On a comparable basis, Canada sales volume decreased 2.1 percent during
the fourth quarter to 1.8 million barrels. Comparable net sales per barrel
increased 3.5 percent in local currency, half driven by favorable net pricing,
led by front-line pricing in Quebec and Ontario, and half driven by favorable
sales mix, including increased sales volume of partner import brands.
Cost of goods sold per barrel increased 9.2 percent on a comparable basis
in local currency, due to a six percent increase in commodity and packaging
materials, a 1.5 percent increase in fuel and distribution costs, and a 3.5
percent increase due to a sales mix shift toward higher-cost partner import
brands, partially offset by two percentage points of savings from the
Resources for Growth initiatives. Comparable marketing, general and
administrative expenses increased approximately 1.3 percent in local currency
due to higher pension and other overhead expenses.
Other income in the fourth quarter increased $4.5 million, driven by
pretax gains from foreign currency hedges.

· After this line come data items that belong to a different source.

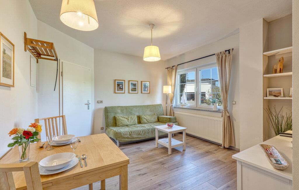 Diese Zweiraum-Ferienwohnung im Erdgeschoss und die kleine Einraum-Ferienwohnung im Obergeschoss befinden sich separat in einem Wohnhaus nur wenige Gehminuten vom schönen Strandbad entfernt. Auch Einkaufsmöglichkeiten und Restaurants sind bequem fußläufig zu erreichen. Zur Verfügung stehen ein Parkplatz sowie eine abschließbare Unterstellmöglichkeit für Fahrräder. WLAN kann nach Absprache mit dem Eigentümer frei geschaltet werden. Im Gesamtpreis enthalten sind die Endreinigung, Wasser und Energie. Vor Ort zu zahlen: Kurtaxe. Bettwäsche und Handtücher können mitgebracht oder vor Ort gemietet werden. Haustiere: In diesem Objekt ist die Mitreise eines kleinen Hundes bis zu einer Risthöhe von 40 cm erlaubt. Alle anderen Haustiere bedürfen vor Buchung der Zustimmung des Eigentümers.
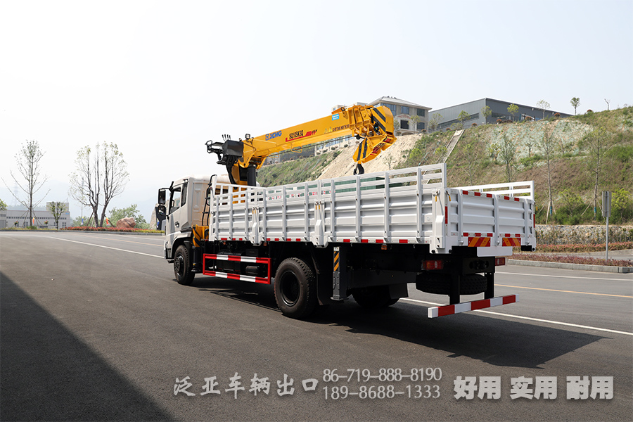 东风10吨4*2随车吊,采用徐工SQ10SK3Q四节臂直臂吊机,最大可起吊10吨,吊臂最大可延伸至12米,升高至14米,完全伸展后吊机可承重1.5吨货物。
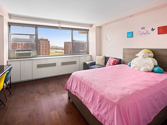 Make this your new home! Thoughtfully renovated with many custom built-ins, this inviting home has a spacious living room and dining foyer, a separate modern kitchen, a generously sized bedroom, an airy bathroom, excellent versatile closets, and a South-facing balcony. Perched on a high floor with window in every room, this 1-bedroom gets excellent cross ventilation and an abundance of natural light. The apartment has approximately 800 sq ft, and features city and skyline views including the East River, the Brooklyn Bridge, Manhattan Bridge, and the Verrazano Bridge. A perfect move-in opportunity not to be missed.
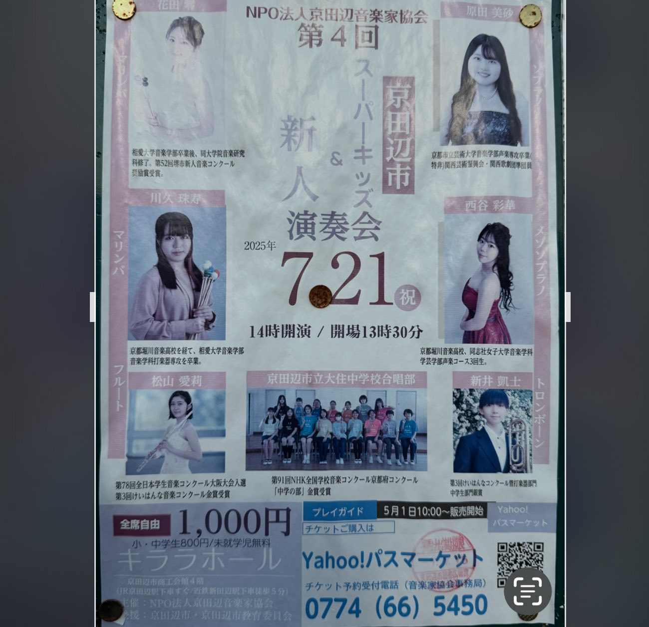 『京田辺市スーパーキッズ&新人演奏会、7月21日㊗︎キララホール』
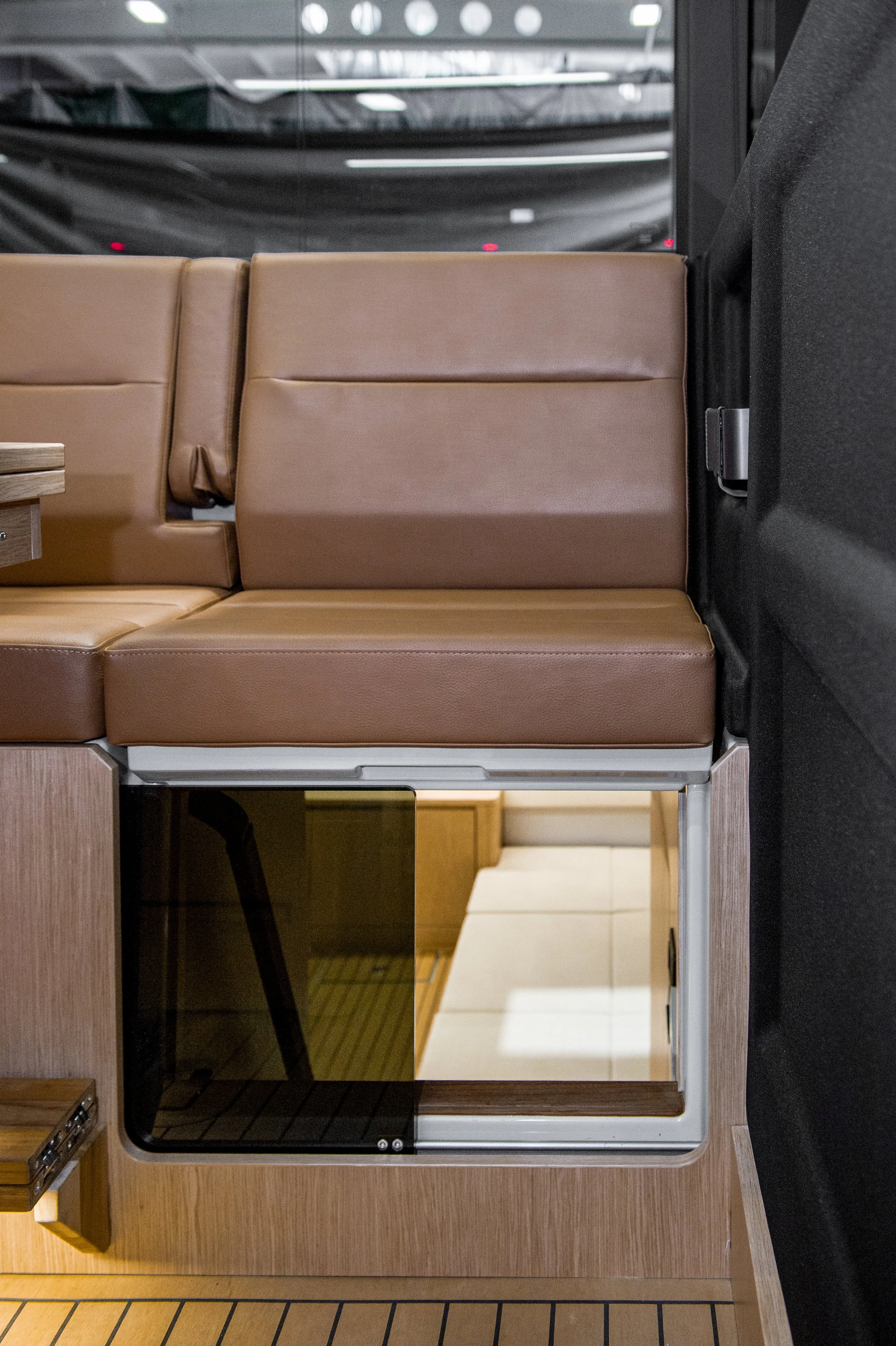 Pantrymodul inkl. kokeplate, vask og kjøleskap i kabin (med 2 standard seter – uten fjæring – elektrisk justerbare)

(2) Except where otherwise indicated, comparable Canada results exclude
the effect of establishing the Modelo Molson joint venture in 2008, as
well as the reporting effects of discontinuing the Company's Foster's
U.S. contract in 2007. Results for the Modelo Molson joint venture,
which sells the Modelo brands across Canada, are recorded under the
equity method of accounting. Beginning in 2008, Modelo brand results
are no longer reported on a line-item basis in the Company's Canada
results, affecting the comparability of results with 2007. Beginning
in 2008, Modelo Molson sales volumes are excluded from financial
volume. In addition, Molson Coors now includes its 50% ownership
share of Modelo Molson sales-to-retail in its consolidated worldwide
beer volume for both the current year and prior year. Comparable
results exclude the year-over-year impact for beer sales to
MillerCoors. With the completion of the MillerCoors joint venture,
the financial impact of our brand exports to the U.S. will no longer
be treated as inter-company sales and eliminated upon consolidation of
total Molson Coors results. Sales volume for these U.S. exports will
be excluded from Canada results and are now be reported by
MillerCoors.
United States Business (MillerCoors)(3)
Molson Coors underlying U.S. segment pretax income decreased 21.2 percent
to $56.2 million in the fourth quarter, as a result of year-over-year timing
differences in sales and marketing spending, along with the impact of changes
in accounting policies. U.S. segment results include the Company's 42% share
of MillerCoors net income and various adjustments for the equity income
calculation under U.S. GAAP, as shown in Table 8 below.
MillerCoors Operating and Financial Highlights (U.S. GAAP)
Underlying net income, excluding special items, for the quarter increased
16.5 percent to $135 million from the prior year pro forma result, driven
primarily by strong pricing and cost management, which more than offset
increases in commodity costs and a reduction in shipment volume.
During the period, MillerCoors sales-to-retailers (STRs) declined 2.3
percent, reflecting a weaker quarter for the industry and softness in Miller
Lite and certain above-premium brands. Five out of six MillerCoors priority
brands increased STRs in the fourth quarter:
o Coors Light STRs increased 1.0 percent, posting its fourteenth
consecutive quarter of growth,
o MGD 64 STRs continued to deliver strong growth since its national
launch,
o Blue Moon STRs were up double digits,
o Keystone Light delivered strong double-digit growth, while Miller
High Life STRs increased marginally, and
o Miller Lite STRs declined 7.5 percent with particularly strong net
pricing growth for the quarter.
Domestic sales-to-wholesalers (STWs) dropped 4.3 percent, driven largely
by a reduction in distributor inventory levels and lower sales to retail.
Third-party contract brewing volumes declined 6 percent.
MillerCoors total net sales increased by 3.1 percent to $1.740 billion
versus the prior pro forma quarter. Excluding contract brewing, domestic net
sales increased 3.4 percent to $1.622 billion. Pricing remained strong as
domestic net sales per barrel, excluding contract brewing and company-owned
distributor sales, increased 8.0 percent versus the prior year driven by
strong front line pricing, reductions in discounting and favorable mix.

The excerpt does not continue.